Impressions sur Dying Light : Bad Blood (PC, PS4, Xbox One)

Cet aperçu a été rédigé après une présentation du jeu puis une session jouable sur PC.

Brutal Royale

Si Dying Light est paru il y a maintenant plus de trois ans, Techland n’hésite pas à souligner la longévité du titre grâce à sa généreuse politique de DLC visant à étoffer le contenu du titre avec une pelletée d’éléments gratuits. Probablement ce qui explique le succès de la franchise selon le studio qui se targue de compter 14,5 millions de joueurs au total, une base suffisamment importante pour que l’idée de surfer sur le phénomène Battle Royale paraisse pertinent. Voici donc Dying Light : Bad Blood, une déclinaison à paraître le mois prochain via un pack Fondateur payant mais qui sortira ensuite en tant que free-to-play.

En gros, les fans et les impatients pourront dépenser quelques euros pour découvrir le jeu en avant-première en obtenant quelques bonus in-game alors que dans sa forme finale, le jeu sera bel et bien jouable gratuitement. Gratuit, certes, mais tout aussi généreux sur les DLC ? Techland promet que oui, après tout on ne change pas une formule qui gagne et on ne peut que leur faire confiance.

Pour le reste on va aller droit au but : Bad Blood est sympa comme tout. Fait important, nous sommes des adeptes du jeu de base et l’avons retourné dans tous les sens, en solo et en coopération. Et même si on avait pas touché au jeu depuis un long moment, cette version Battle Royale transpire tellement le Dying Light de 2015 que l’on a pris nos aises en quelques secondes seulement, retrouvant toutes nos habitudes avec ce gameplay, qui mêle parkour et combats de mêlée, et cet environnement si familier.

Dying Players

Mais qu’est-ce qui change réellement dans Bad Blood ? Qui dit Battle Royale signifie PvP donc, en plus du traditionnel PvE. Outre le fait de récolter des échantillons auprès de nos amis les morts-vivants, il faut donc potentiellement affronter 11 autres personnes qui ont le même objectif que vous, à savoir récolter les fameuses données scientifiques et être le seul joueur qui pourra être évacué en hélico.

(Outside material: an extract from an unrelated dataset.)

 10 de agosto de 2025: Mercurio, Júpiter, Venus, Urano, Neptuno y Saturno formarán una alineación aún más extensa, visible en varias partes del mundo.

Facile, il suffit d’attendre que les autres se tapent sur la tronche et d’aller au point d’évacuation au dernier moment pensez-vous ? Sauf que ne pas récolter d’échantillon vous empêchera de level-up votre avatar et au moment de disputer la seule place disponible pour évacuer la carte (et donc gagner la partie), vous n’aurez aucune chance contre des joueurs qui ont atteint le niveau 5 voire 6.

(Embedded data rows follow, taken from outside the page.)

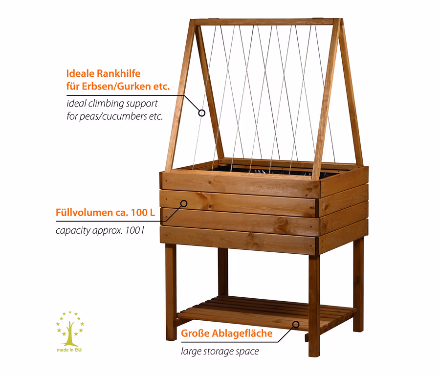 - Das Hochbeet inkl. Gemüse-Spalier ist ideal für die Anzucht von Pflanzen wie Gurken, Tomaten oder Erbsen
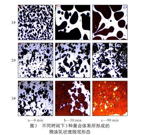圖3不同時間下3種復(fù)合體系所形成的稠油乳狀液微觀形態(tài)
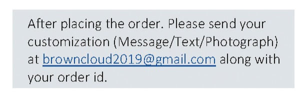 - If you wish to see the preview of the product after customization, please send us a request on browncloud2019@gmail.com with the order id.
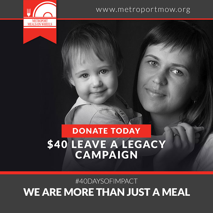 Additionally, Jason designed our most successful social media campaign, 40 Days of Impact, in celebration of our 40th anniversary. This campaign ran every day for 40 days with a different client story and correlating photo to show the impact our charity has had in our community. While this campaign was running, the covid government shutdown occurred. People began to experience what it felt like to be isolated and unable to secure household necessities. We ended up raising over $40,000 from this well-crafted and touching campaign that allowed us to keep our promise of “no missed meals” during covid.

Cette version Battle Royale transpire tellement le Dying Light de 2015 que l’on a pris nos aises en quelques secondes seulement, retrouvant toutes nos habitudes avec ce gameplay qui mêle parkour et combats de mêlée.

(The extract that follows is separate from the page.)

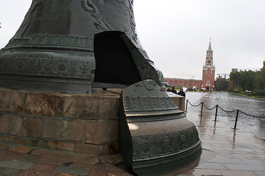 | 鐘を鋳造中に火災が発生、水をかけてしまいヒビが入ってしまったのだそうです。結局一度も音を出したことがないそうです。かけらだけでも11トンもあるそうです。 |

Dying Light : Bad Blood nous oblige à jouer le jeu, tant mieux, et il propose pour cela une version simplifiée à l’extrême de son système de crafting. En fouillant l’environnement, il est possible de trouver un arsenal varié (les meilleures armes restent celles qui tombent du ciel après le passage d’un avion) mais aussi des éléments à coupler pour créer des armes comme Dying Light a l’habitude de nous en proposer. Couplez ce craft rapide à ce qui caractérise le gameplay du jeu (l’endurance à gérer, le parkour à maîtriser) et vous obtenez des parties assez rythmées avec une tension palpable lorsqu’il s’agit d’affronter d’autres joueurs. Certes, il n’est pas certain que les attaques au corps à corps si particulières du titre arrivent à séduire l’ensemble des joueurs, mais les fans et quelques curieux retrouveront quant à eux tout ce qu’il aime de la franchise, la compétition en plus.

SANG POUR SANG
Avec Dying Light : Bad Blood, Techland a une véritable carte à jouer dans la jungle des jeux Battle Royale. Bien sûr, il faut être un tant soit peu attiré par l’ADN Dying Light pour composer avec ce gameplay particulier où parkour et combats de mêlée font bon ménage mais si tel est le cas, et que l’esprit de compétition vous habite, alors de bons moments sont en perspective. Vous n’avez pas envie de payer pour ça ? Ca tombe bien, Bad Blood sera gratuit au final et vous n’aurez donc aucune excuse pour ne pas l’essayer.